Rudy used to play drums and would take Ling to jazz clubs. “Ling liked me and I didn’t sort of care for her,” Rudy says. “One time she shouted in the street, ‘Don’t you know I love you!’” He shakes his head. “She was trying to rush me into something and I was a cold fish.”

Ling knew Rudy wanted a color TV set, so she tried to find a scam—some way for him to acquire one cheaply. When two men picked her up hitchhiking and offered her a stolen set, Ling ran to find Rudy on the tennis court. He paid the men $150 in cash and triumphantly carried the box to his hotel room. When he and Ling opened it, they found wood and bricks inside. “See what you brought me!” Rudy said. Ling cried.

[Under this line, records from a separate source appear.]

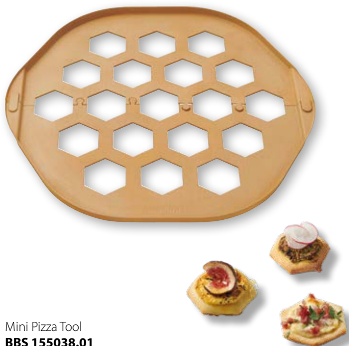
Mini Pizza Tool BBS 155038.01
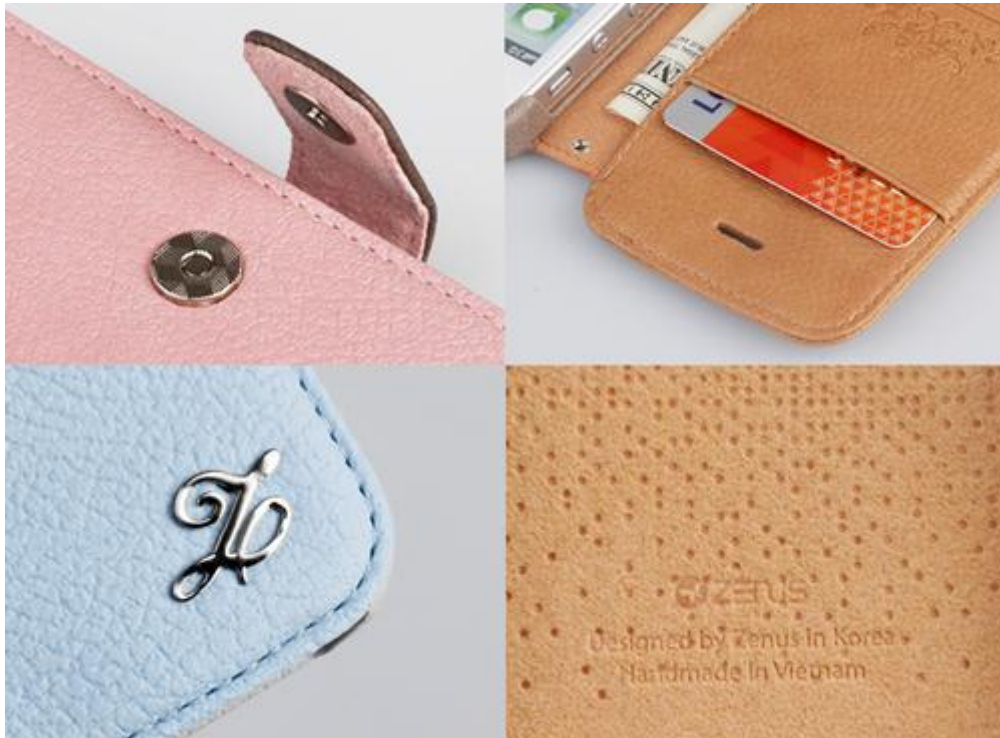
【iPhone 5 ケース Masstige E-Note Diary シリーズ】
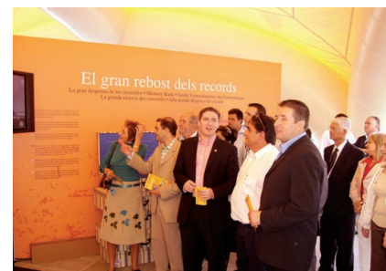
Las autoridades recorrieron el recinto ferial.
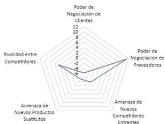
Imagen 3. Gráfico cinco fuerzas de Porter.

También se observa que el impacto económico está muy marcado pues es evidente que se han unido esfuerzos para lograr la reactivación del sector de la construcción. Esto debido a que es uno de los actores importantes para el crecimiento de la economía nacional, a pesar de factores que afectan notoriamente, como son el alza del precio del acero a nivel mundial.
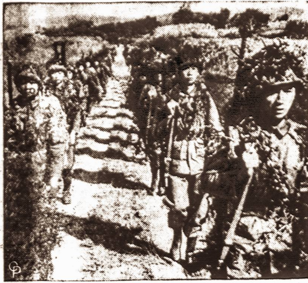
Būdingas vaizdas iš Formozos salos.
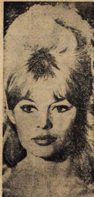
Brigitte Bardot je pred kratkim stopila tudi na politični oder

Vendar upadanja spektakelskega filma – ki se je začelo v tridesetih letih in je trajalo nezadržano vse do pojava širokega platna, nekake renesanse spektakla – niso povzročili samo ekonomski momenti, ampak tudi upadanje zanimanja občinstva za take filme. Vendar si v tem pogledu ne smemo delati kaj preveč iluzij, saj spektakli še
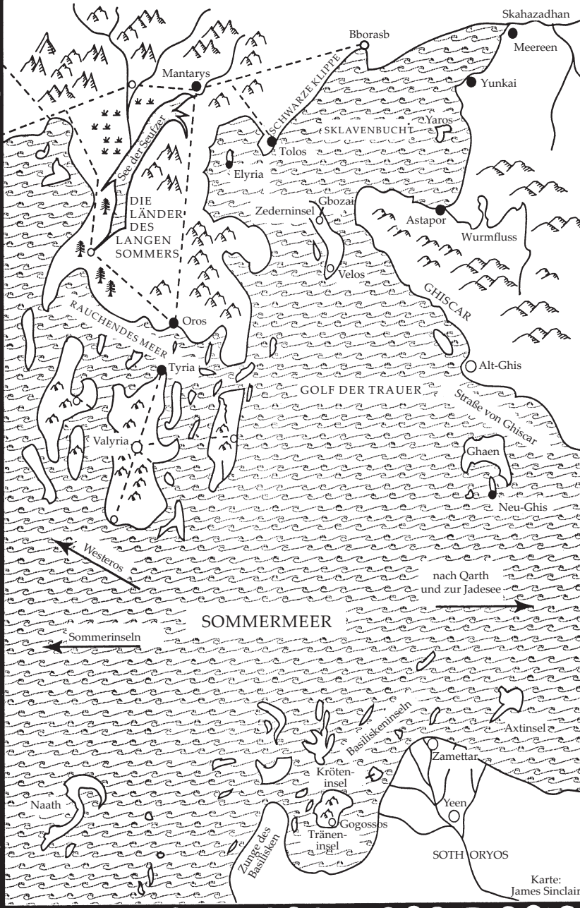
Karte: James Sinclair

Noel McCloud recalls, “Ling felt so guilty about it that she told me, ‘Maybe I’ll go in the city and turn a few tricks.’ She wanted to make the money to pay Rudy back.” Noel, a twenty-one-year-old who studies communication and public policy, adds, “This shows me Ling had a conscience.”

Ling did repay Rudy with money borrowed from relatives. When people asked why he accepted the money, Rudy grumbled, “She’s like a sister to me but she has to learn.”

Thinking back, Rudy says he feels badly about the way he treated her. “I liked her more after she made her move,” Rudy says. “You get to know a person better after a thing like this. I know she was serious about revolution, about helping the poor. She was not playing games. She was an out-of-sight girl.” Rudy folds his arms across his chest. “I tell you, I love the girl now.”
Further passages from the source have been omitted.